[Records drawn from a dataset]
'''

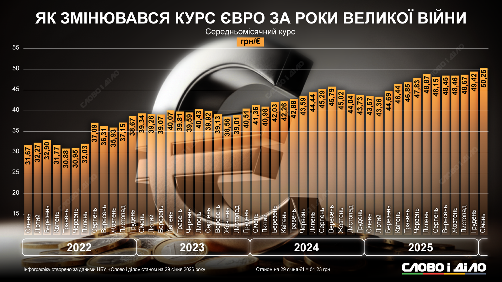 В этом месяце курс евро обновил исторический максимум в Украине, по состоянию на 29 января он остановился на отметке 51,23 грн/евро. В целом с начала полномасштабной войны и до сегодня евро подорожал более чем в полтора раза – больше, чем доллар. На инфографике – как менялся среднемесячный курс евро с 2022 по 2026 год.
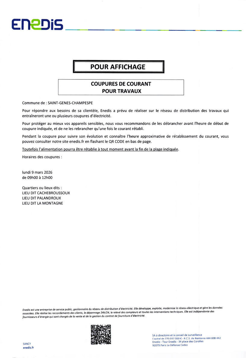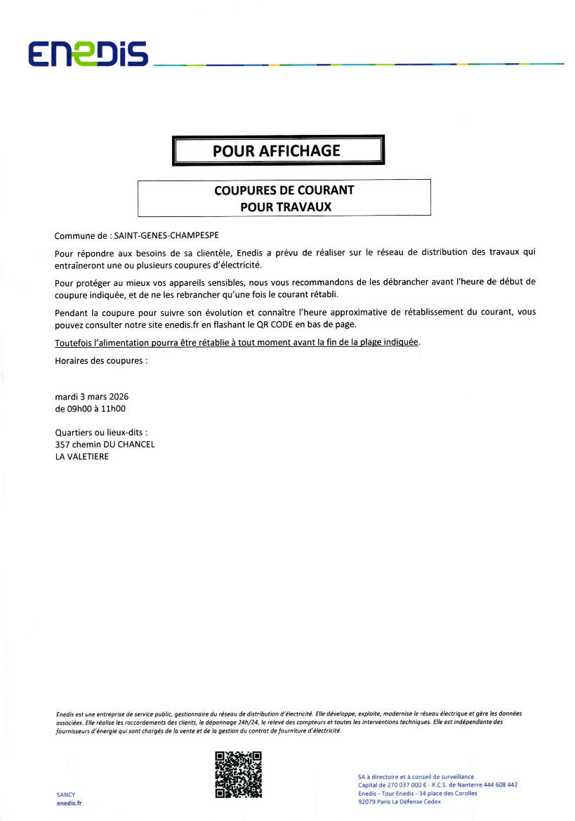🚧Coupure de courant pour travaux le 03 03 2026🚧.
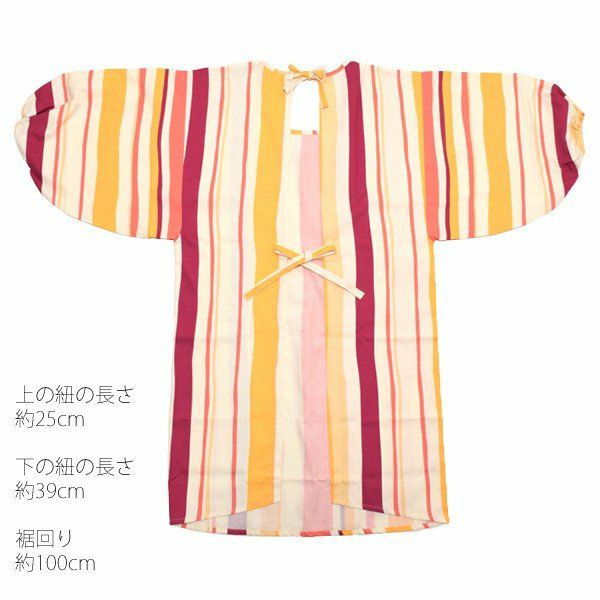 後ろの首元と腰部分の二か所の紐で身幅を自由に調節できます。
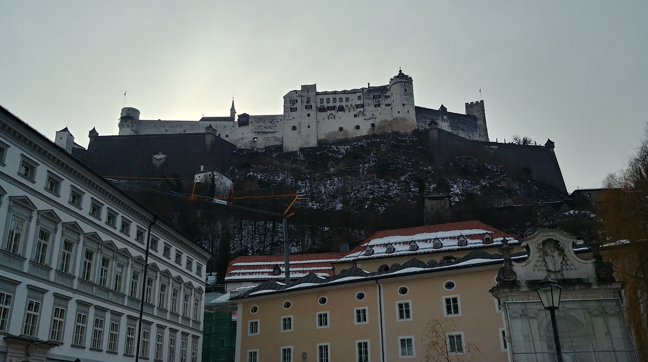 처음 간 곳은 호엔잘츠부르크성이다. 1077년에 건립하기 시작하여 580년 동안 지은 성이고 지금도 늘 보수중이란다. 높다랗게 보이는데 30분 이상 걸리는 거리를 걸어서 가는 것이 아니라 성까지는 푸니쿨라(언덕을 따라 올라가는 케이블카의 한 종류)를 이용해서 1분 정도만에 올라가는데 비스듬한 엘리베이터 같은 탈 것이었다. 그렇게 해서 올라가니 잘츠부르크가 한 눈에 들어온다. 이 성은 평소에 사용하는 성이 아니라 적이 쳐들어오면 피신을 하기 위해 사용한 성이라고 했다.
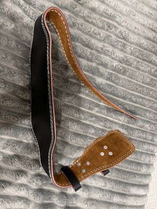 Cinturón de gimnasio con un diseño de dos tonos. - Exterior negro con costuras blancas y detalles rosas. - Interior de cuero marrón. - Hebilla metálica y cierre ajustable.

'''

Problem to work on: The answer is the lines above from the one with "03 03 2026🚧." to the one with "처음 간 곳은 호엔잘츠부르크성이다.", set down exactly, with no pictures.

Task response:
🚧Coupure de courant pour travaux le 03 03 2026🚧.
 後ろの首元と腰部分の二か所の紐で身幅を自由に調節できます。
 처음 간 곳은 호엔잘츠부르크성이다. 1077년에 건립하기 시작하여 580년 동안 지은 성이고 지금도 늘 보수중이란다. 높다랗게 보이는데 30분 이상 걸리는 거리를 걸어서 가는 것이 아니라 성까지는 푸니쿨라(언덕을 따라 올라가는 케이블카의 한 종류)를 이용해서 1분 정도만에 올라가는데 비스듬한 엘리베이터 같은 탈 것이었다. 그렇게 해서 올라가니 잘츠부르크가 한 눈에 들어온다. 이 성은 평소에 사용하는 성이 아니라 적이 쳐들어오면 피신을 하기 위해 사용한 성이라고 했다.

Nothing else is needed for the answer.